Stronger market risk aversion and weak crude prices had a direct impact on the value of the Canadian dollar (Chart 1), which hit a 13-year low on January 20, at US$0.6808. The loonie has recovered a little since then, but it is still too early for a lasting rise.
Given the weak correlation between the Shanghai Stock Exchange and the real state of China’s economy, investors seem to have overreacted. Chinese economic growth continues to trend down, of course, but it is nowhere near a disaster scenario. Over the next few years, it should continue the transition to a more mature economy that is more oriented towards consumption, and growth could slowly slide to settle around 6%. That being said, China’s greater global economic weight means that its total contribution to world growth is still comparable to where it was about 10 years ago.
As for the other emerging nations, there are certainly some places where fears are justified, as in Brazil and Russia amid low commodity prices. However, it would be hard for the difficulties there to spread to the entire world economy, especially as low resource prices are an advantage for several countries. As long as the U.S. economy holds up and the European economy keeps improving, even gradually, there is no reason for concern.
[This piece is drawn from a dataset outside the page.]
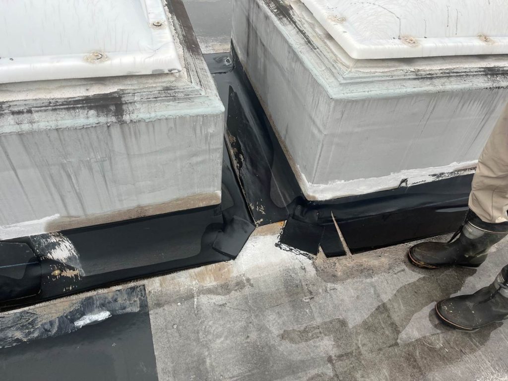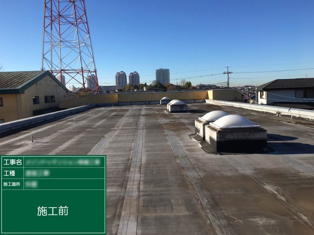 高井の声:次のページが防水工事になります。屋上の真ん中から勾配が低い面のみ施工する仕様になっています。現地調査の際にもお話したようにまず既存のゴムシートを撤去してから下地の補修をして絶縁マットを敷いてから塩ビシートを敷きます。

We can also count on the fact that the major central banks will not want to risk seeing the economy erode. The Bank of Japan recently announced that it will apply a negative interest rate of minus 0.1 percent to current accounts that financial institutions hold at the central bank. In the Eurozone, the European Central Bank clearly opened the door in January to further intervention to keep inflation expectations from falling. The Federal Reserve, for its part, seems ready to adopt a more cautious approach to key rate increases in order to reassure the markets.
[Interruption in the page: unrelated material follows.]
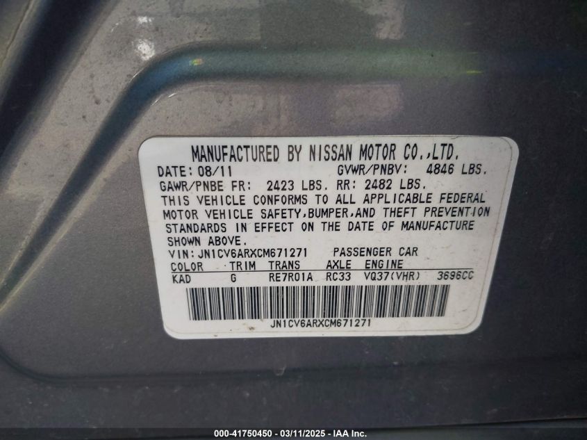 Color GrayCylinders 6Drive Full driveVIN JN1CV6ARXCM******State Run & Drive VerifiedDamage Front and back AutoRIA

Oil Prices Should Rise Gradually
Oil prices remained weak throughout 2015 and hit new cyclical lows in January. This could perplex those who have been hoping for a rebound for several months. However, we find that the factors that allowed crude prices to drop so much will be difficult to sustain for all of 2016.
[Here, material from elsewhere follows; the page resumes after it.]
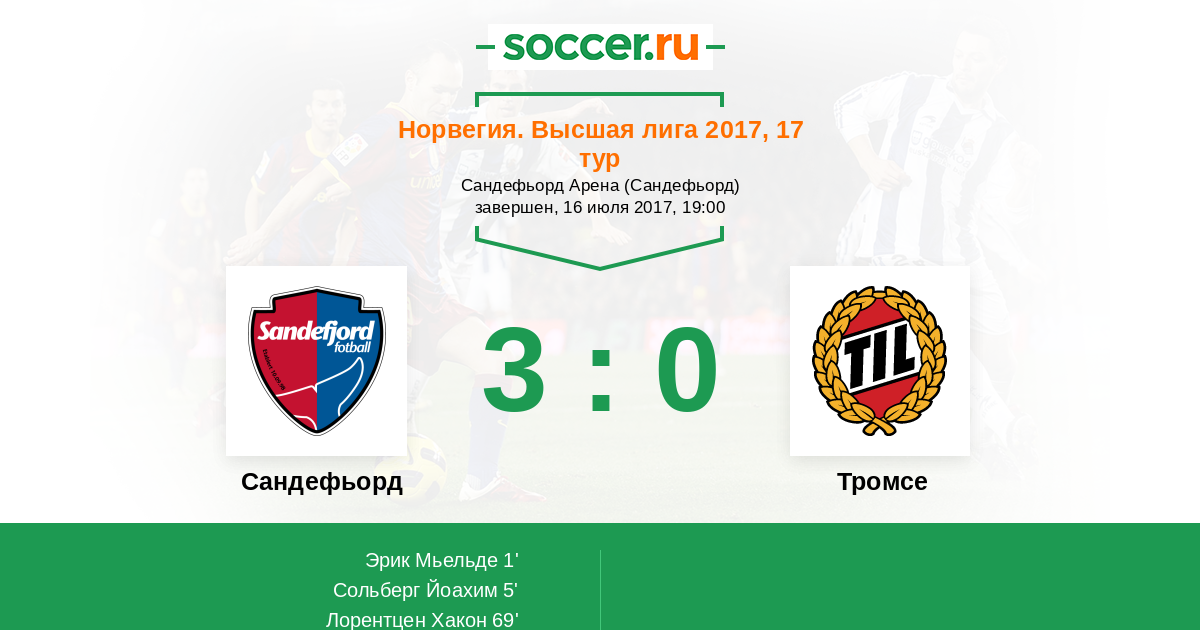 Протокол матча Сандефьорд против Тромсе

The lively surge in production by OPEC (Organization of the Petroleum Exporting Countries) nations was one of 2015’s surprises. Faced with low prices, several countries opted to produce more to try to maximize their oil revenues. Now, however, they have much less capacity to increase their output. Only Iran should substantially expand its output in 2016, when the international trade sanctions will be lifted. That being said, this influx of oil is already broadly anticipated and will not come as a surprise. Simultaneously, production should drop in non-OPEC nations, particularly the United States. Consumption should also be buoyed by the low prices. All in all, the current oil surplus should start to dwindle later in 2016 (Chart 2), and support a lasting rise by prices.
We anticipate that the benchmark WTI (West Texas Intermediate) could rise to between US$45 and US$50 per barrel by year’s end. This price is still low, but the trend would at least be heading upwards.
Better Days for the Loonie
A drop in risk aversion and a rise by crude prices would be good for the Canadian dollar. This is our preferred scenario for 2016. In the near term, however, the concern in the markets could remain tangible and oil prices could remain under pressure. The loonie could thus drop back below US$0.70 before starting to trend up again, to end the year at around US$0.73.
The Canadian dollar’s forecasted appreciation is proportionally less than the expected rise by oil prices. The fact is that other factors could rein in the loonie’s momentum.